##### The data

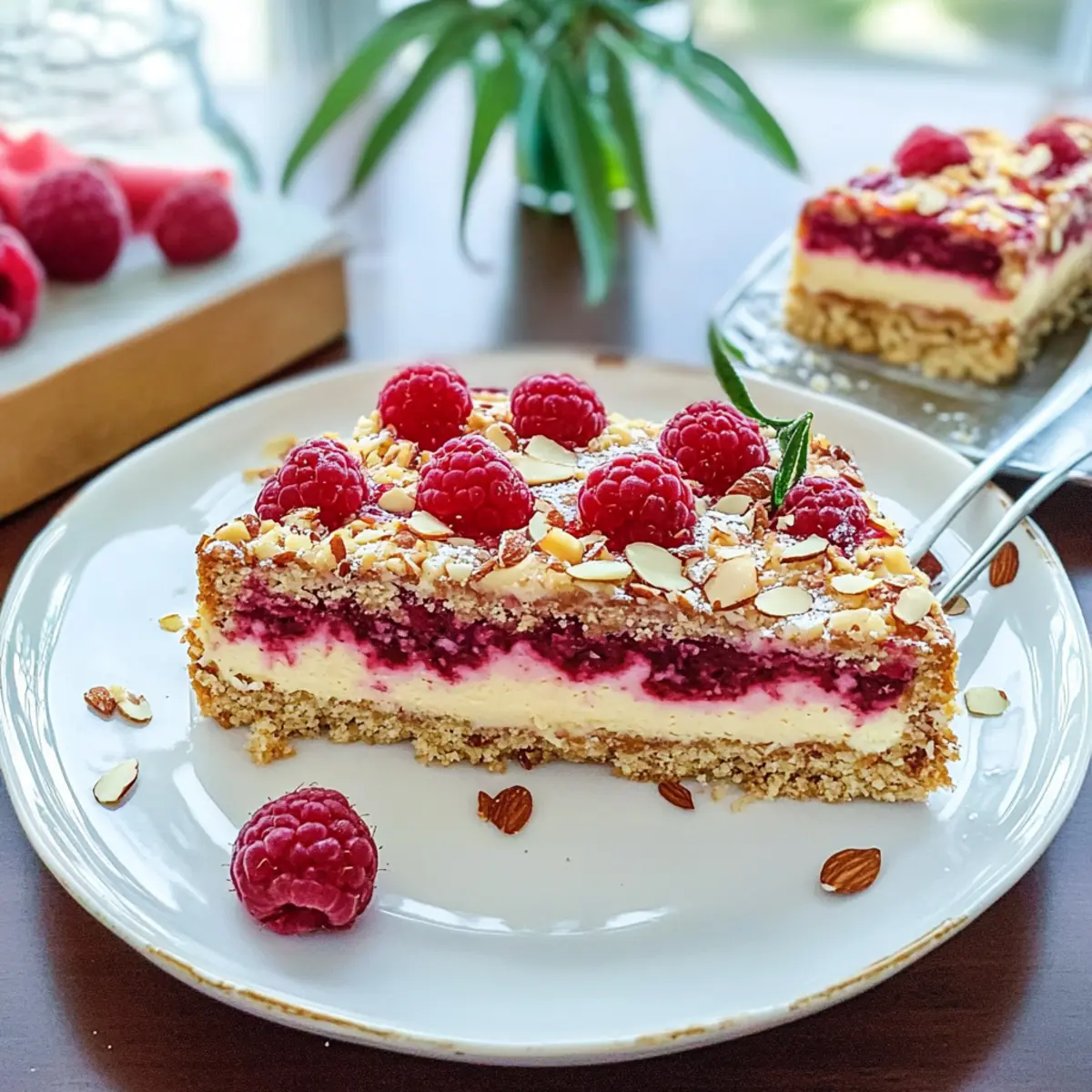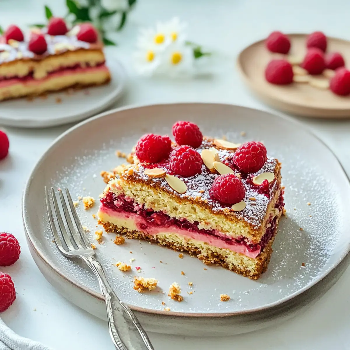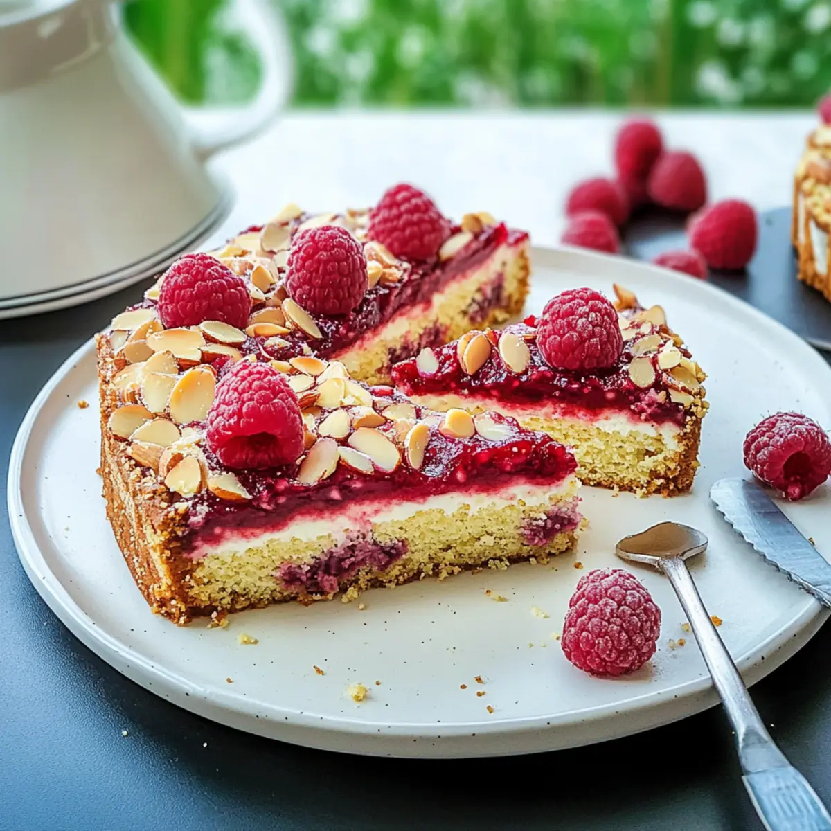 Schneide den Kuchen in gleichmäßige Stücke. Du kannst ihn bei Raumtemperatur oder gekühlt servieren; beide Optionen sind genauso köstlich! Dieser Kuchen bringt frische Aromen auf jede Kaffeetafel und wird deine Gäste mit seiner schmackhaften Kombination aus Himbeeren und Mandeln begeistern.
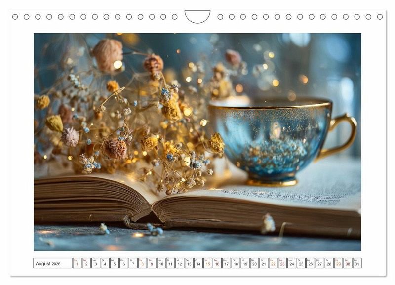 Willkommen in einem Jahr voll Teemagie und leiser Eleganz. Dieser Kalender erzählt in zwölf Szenen von kostbaren Augenblicken, vom Dampf über Tassenrändern bis zum Glanz auf feinem Porzellan. Jede Jahreszeit hat ihren eigenen Duft, ihre eigene Farbe, ihren eigenen Tee. Winter schmeckt nach Zimt und Ruhe, Frühling nach Rosen und Hoffnung, Sommer nach Zitronen und Licht, Herbst nach Honig und Sehnsucht. Alle hier gezeigten Bilder wurden mit Sorgfalt, Liebe und mit Hilfe einer KI generiert. Abschließend werden sie mit Bildbearbeitungsprogrammen überarbeitet und in den Kalender eingefügt.
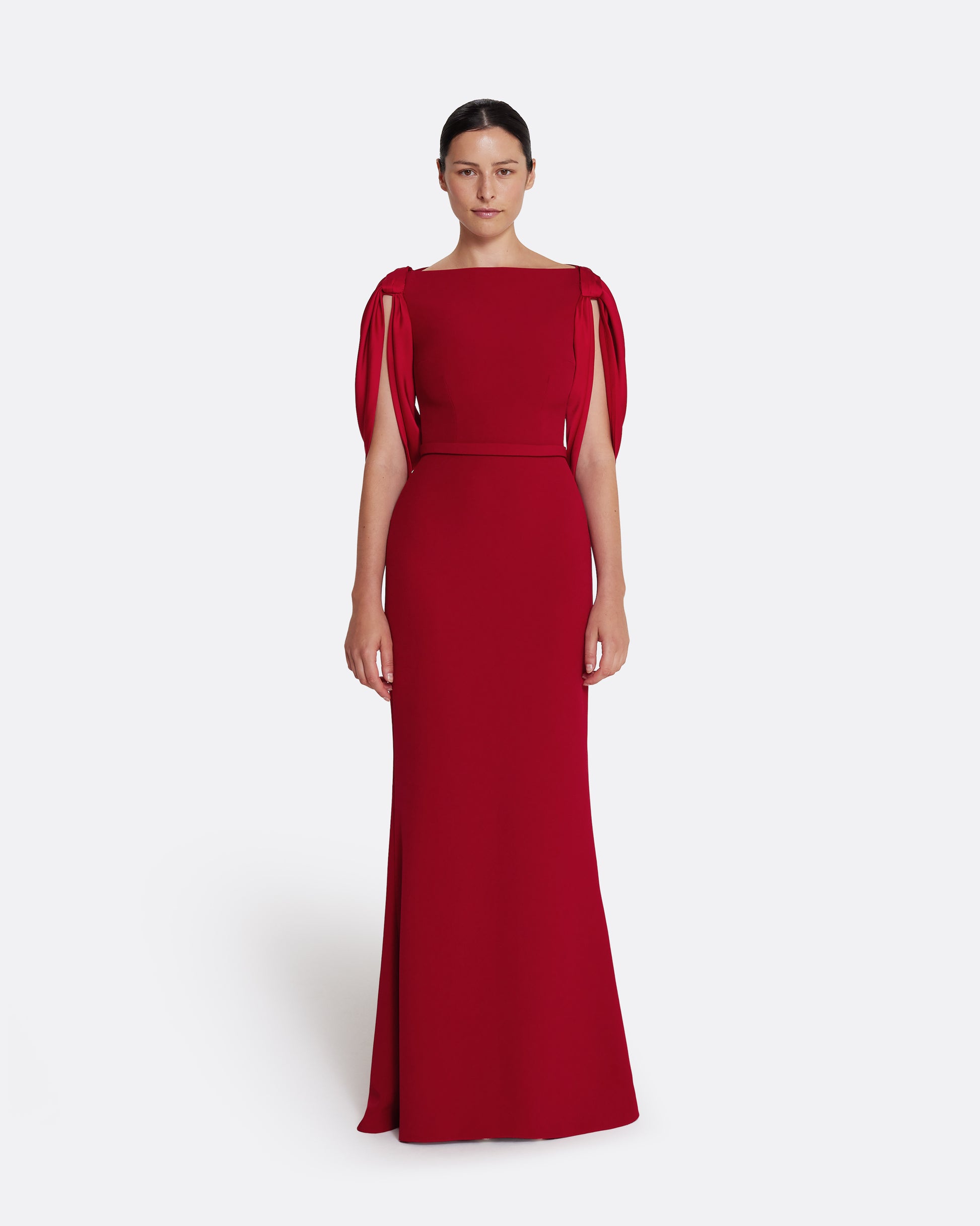 From the Spring Summer ’26 collection, the Mimi Dress in cherry red on azalea red with multi-blues reimagines clean lines with softened structure. Tied strap sleeves bring contrast to the squared neckline, while the tonal Jonia belt defines the waist and balances the flared hem.

##########

**Task directions**
Give back the data verbatim. The pictures are not part of the copy.

**Answer space**
 Schneide den Kuchen in gleichmäßige Stücke. Du kannst ihn bei Raumtemperatur oder gekühlt servieren; beide Optionen sind genauso köstlich! Dieser Kuchen bringt frische Aromen auf jede Kaffeetafel und wird deine Gäste mit seiner schmackhaften Kombination aus Himbeeren und Mandeln begeistern.
 Willkommen in einem Jahr voll Teemagie und leiser Eleganz. Dieser Kalender erzählt in zwölf Szenen von kostbaren Augenblicken, vom Dampf über Tassenrändern bis zum Glanz auf feinem Porzellan. Jede Jahreszeit hat ihren eigenen Duft, ihre eigene Farbe, ihren eigenen Tee. Winter schmeckt nach Zimt und Ruhe, Frühling nach Rosen und Hoffnung, Sommer nach Zitronen und Licht, Herbst nach Honig und Sehnsucht. Alle hier gezeigten Bilder wurden mit Sorgfalt, Liebe und mit Hilfe einer KI generiert. Abschließend werden sie mit Bildbearbeitungsprogrammen überarbeitet und in den Kalender eingefügt.
 From the Spring Summer ’26 collection, the Mimi Dress in cherry red on azalea red with multi-blues reimagines clean lines with softened structure. Tied strap sleeves bring contrast to the squared neckline, while the tonal Jonia belt defines the waist and balances the flared hem.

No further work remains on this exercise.